I would recommend that you seek an acupuncturist that specializes in fertility issues.  Your fertility clinic might be able to recommend one or you might have to do your own research with local acupuncturists.  Just as you have probably sought a doctor whose sole focus is fertility issues, you should do the same for your acupuncturist.

Two of the women in my support group chose to do acupuncture.  One of the women had had multiple miscarriages in the past.  She used acupuncture throughout her pregnancy and carried her baby girl to term.  Another girl in the group did acupuncture with an IVF cycle and had a successful IVF cycle after having 3 failed cycles.  That was enough to convince me that there was a connection.

Whether or not to use acupuncture in conjunction with your fertility treatments is, of course, a personal decision.  In writing this article, I just wanted to give you another option and another avenue to explore.  I encourage you to do more research online, discuss acupuncture with your fertility doctor and interview an acupuncturist in your area.  I believe that all decisions you make in your process should be informed decisions.  I hope that the information I gave you helps give you to begin to make an informed decision about acupuncture and fertility treatments.

Fertility Then and Now

Saturday, March 11th, 2006

Fertility used to be shrouded in secrecy and shame.  Although it is typically a medical condition, it is one of the few medical conditions that hardly anybody discusses.  This secrecy leaves people feeling as though fertility is something to be ashamed of, that others will view us differently if they know we are having fertility problems.  Thankfully this is beginning to change, but it is still slow to change.  As I began to gather information on how views of fertility changed over the years, I found some interesting things about how fertility problems were “fixed” in the past.
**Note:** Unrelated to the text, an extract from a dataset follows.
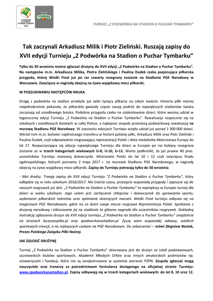 TURNIEJ „Z PODWÓRKA NA STADION O PUCHAR TYMBARKU” Tak zaczynali Arkadiusz Milik i Piotr Zielioski. Ruszają zapisy do XVII edycji Turnieju „Z Podwórka na Stadion o Puchar Tymbarku” Tylko do 30 września można zgłaszad drużyny do XVII edycji „Z Podwórka na Stadion o Puchar Tymbarku”. Na następców m.in. Arkadiusza Milika, Piotra Zielioskiego i Pauliny Dudek czeka pasjonująca piłkarska przygoda, której Wielki Finał już po raz czwarty rozegrany zostanie na Stadionie PGE Narodowy w Warszawie. Zwycięzcy w nagrodę obejrzą na żywo wyjątkowy mecz piłkarski. W POSZUKIWANIU NASTĘPCÓW MILIKA Drogę z podwórka na stadion przebyło już setki tysięcy piłkarzy na całym świecie. Historia piłki nożnej niejednokrotnie pokazała, że piłkarskie gwiazdy często swoją podróż do największych stadionów świata zaczynają od osiedlowego boiska. Podobna przygoda czeka na utalentowane dzieci, które wezmą udział w tegorocznej edycji Turnieju „Z Podwórka na Stadion o Puchar Tymbarku”. Rywalizacja rozpocznie się na szkolnych i osiedlowych boiskach w całej Polsce, a najlepsze zespoły przeniosą podwórkową rywalizację na murawę Stadionu PGE Narodowy. W szesnastu edycjach Turnieju wzięło udział już ponad 1 300 000 dzieci. Wśród nich m.in. bohater najdroższego transferu w historii polskiej piłki, Arkadiusz Milik oraz Piotr Zielioski i Paulina Dudek, czyli odpowiednio rozgrywający reprezentacji Polski i złota medalistka Mistrzostwa Europy do lat 17. Rozpoczynająca się edycja największego Turnieju dla dzieci w Europie po raz kolejny rozegrana zostanie aż w trzech kategoriach wiekowych U-8, U-10, U-12. Warto podkreślid, że już prawie 40 proc. uczestników Turnieju stanowią dziewczynki. Mistrzowie Polski do lat 10 i 12 czyli zwycięzcy finału ogólnopolskiego, których poznamy 2 maja 2017 r. na murawie Stadionu PGE Narodowego, w nagrodę obejrzą na żywo wyjątkowy mecz piłkarski. Zapisy do Turnieju potrwają tylko do 30 września. - Moi drodzy. Trwają zapisy do XVII edycji Turnieju "Z Podwórka na Stadion o Puchar Tymbarku”, który odbędzie się w roku szkolnym 2016/2017. Nie tradcie czasu, przeżyjcie wspaniałą przygodę i zapiszcie się do naszych rozgrywek już dziś. „Z Podwórka na Stadion o Puchar Tymbarku” to największy w Europie turniej dla dzieci w wieku szkolnym. Jego celem jest zachęcanie chłopców i dziewczynek do uprawiania sportu, wyłanianie piłkarskich talentów oraz spełnianie dziecięcych marzeo. Wielki Finał turnieju odbywa się na magicznym PGE Narodowym, gdzie na co dzieo swoje mecze rozgrywa Reprezentacja Polski. Spotkanie z drużyną narodową i kibicowanie jej na stadionie to główna nagroda dla uczestników rozgrywek. Dokładną instrukcję zgłaszania drużyn do XVII edycji turnieju „Z Podwórka na Stadion o Puchar Tymbarku” znajdziecie na stronach laczynaspilka.pl oraz zpodworkanastadion.pl. Życzę wam wspaniałej zabawy, wielkich sportowych emocji, a na najlepszych czekam na PGE Narodowym. Do zobaczenia! – mówi Zbigniew Boniek, Prezes Polskiego Związku Piłki Nożnej. JAK ZGŁOSIĆ DRUŻYNĘ Turniej „Z Podwórka na Stadion o Puchar Tymbarku” skierowany jest do drużyn ze szkół podstawowych, uczniowskich klubów sportowych, Akademii Młodych Orłów oraz innych amatorskich podmiotów np. stowarzyszeo i fundacji, które nie są zarejestrowane w systemie extranet PZPN. Zespoły zgłaszad mogą nauczyciele oraz trenerzy za pośrednictwem formularza dostępnego na oficjalnej stronie Turnieju: www.zpodworkanastadion.pl. Zapisy odbywają się w trzech kategoriach wiekowych: do lat 8, 10 oraz 12. TURNIEJ „Z PODWÓRKA NA STADION O PUCHAR TYMBARKU” Potrwają one do 30 września. Za udział każdej drużyny w rozgrywkach opiekunowie otrzymają piłkarski upominek. Pierwsze mecze rozegrane zostaną już w październiku. - Turniej „Z podwórka na stadion o Puchar Tymbarku” jest szansą dla dzieci na zaprezentowanie swoich umiejętności i spełnienie piłkarskich marzeo, a dla najlepszych jak pokazują przykłady Arkadiusza Milika i Piotra Zielioskiego może byd nawet pierwszym krokiem w stronę prawdziwej kariery. Tymbark jest głównym sponsorem Turnieju i już od 10 lat staramy się zachęcad dzieci do gry w piłkę nożną. Mamy nadzieję, że dobry występ naszej Reprezentacji na Euro we Francji podziałał na wyobraźnię dzieci lubiących piłkę nożną, i w tym roku jeszcze więcej chłopców i dziewczynek weźmie udział w tym największym nie tylko w Polsce, ale i Europie Turnieju – powiedział Krzysztof Pawioski, Prezes Zarządu Maspex. MECZE FINAŁOWE NA STADIONIE PGE NARODOWY Już po raz czwarty zwycięzców Turnieju „Z Podwórka na Stadion o Puchar Tymbarku” poznamy na Stadionie PGE Narodowym w Warszawie. Mecze finałowe XVII edycji rozegrane zostaną 2 maja 2017 r. bezpośrednio przed finałem Pucharu Polski. Dzięki udziałowi w Turnieju każde dziecko, które kocha piłkę nożną może dołączyd do elitarnego grona strzelców gola na Stadionie PGE Narodowy w którym są m.in. Cristiano Ronaldo, Wayne Rooney, Mesut Özil, czy Arkadiusz Milik. Finał rywalizacji o Puchar Tymbarku jest jedną z trzech dróg do zagrania na murawie największego polskiego stadionu, obok gry w Reprezentacji Polski oraz występu w finale Pucharu Polski. - Zapraszam wszystkich do uczestnictwa w turnieju „Z Podwórka na Stadion o Puchar Tymbarku”. Na pewno będzie to świetna zabawa. Coraz więcej dzieci w nim uczestniczy, a poziom sportowy jest coraz wyższy. Finały turnieju są rozgrywane na stadionie PGE Narodowym z piędziesięciotysięczną publicznością, a to naprawdę fantastyczne uczucie. Życzę każdemu, by zagrał tam w Wielkim Finale. Uczestnicy turnieju „Z Podwórka na Stadion o Puchar Tymbarku” mogą dzięki temu iśd naszą drogą (red. Reprezentantów Polski). Ja jestem tego najlepszym przykładem, bo też grałem w ich wieku w tym turnieju - powiedział Arkadiu

Even though approximately 1/3 of the fertility problems are a result of male fertility issues, 1/3 of the fertility problems are a result of female fertility issues and 1/3 of the fertility problems are a result of both male and female fertility issues together, in the not so distant past, it was all blamed on the woman.  Without the extensive tests that we have today, society assumed that a couple did not have any children because the woman “could not have” children.  There was no support for her and she carried this around with her almost as though she was branded with a scarlet “I” for “Infertility”.

Because a “childfree lifestyle” was unheard of at that time, couples would adopt in secrecy.  Women would feign pregnancy.  They would feign morning sickness and being tired.  They would buy maternity clothes and stuff them with pillows.  As they got close to nine months, they would go away for a few weeks and come back with a baby.  The descriptions I read state that nobody knew that they weren’t pregnant, but I find that hard to believe.  I think at that time it was just something that nobody talked about but at least a few other people knew.
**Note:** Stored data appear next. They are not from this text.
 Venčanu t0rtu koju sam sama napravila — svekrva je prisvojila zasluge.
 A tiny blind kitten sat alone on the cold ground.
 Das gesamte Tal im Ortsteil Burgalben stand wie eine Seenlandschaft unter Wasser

As fertility tests began to be more readily available, couples were able to find out answers.  In the beginning though, there were no fertility clinics and no fertility specialists.  That would have been too controversial for the times.  Couples would typically go to their OB/GYN and in some cases just a family doctor to get simple fertility tests.

As society has changed, the secrecy surrounding fertility has changed.  Fertility clinics and fertility specialists began to show up.  At first clinics were only seeing a handful of patients, but this quickly changed.  Advanced testing and a host of procedures that were helping couples to get pregnant drew more couples to seek medical help from fertility specialists.

Thankfully, by the time my husband and I began our journey, things had drastically changed.  So many other couples had pioneered the way.  It is to them that I am grateful.  They helped open the doors for us.  They faced controversy so that others would be able to have the chance to be parents.

When going through our fertility journey, we were able to share our story if we wanted.  We didn’t feel like we HAD to keep it a secret.  I started a fertility support group with a friend.  We met weekly with 5-15 other women and talked about what was working, what wasn’t and shared joy and sorrow.  I did not have to carry the pain in secrecy.  I didn’t have to feel ashamed about what we were going through.

As you are going through your own process, I hope that this gives you a glimpse of the way things were and could still be if society had not begun to lift the veil of fertility secrecy.  I hope that you are able to find others to share in your joy and sorrows.  I hope that we will continue to help men and women going through the fertility process by paving the way for even more advanced testing, advanced procedures and by making a positive advancement in the way society views the fertility process.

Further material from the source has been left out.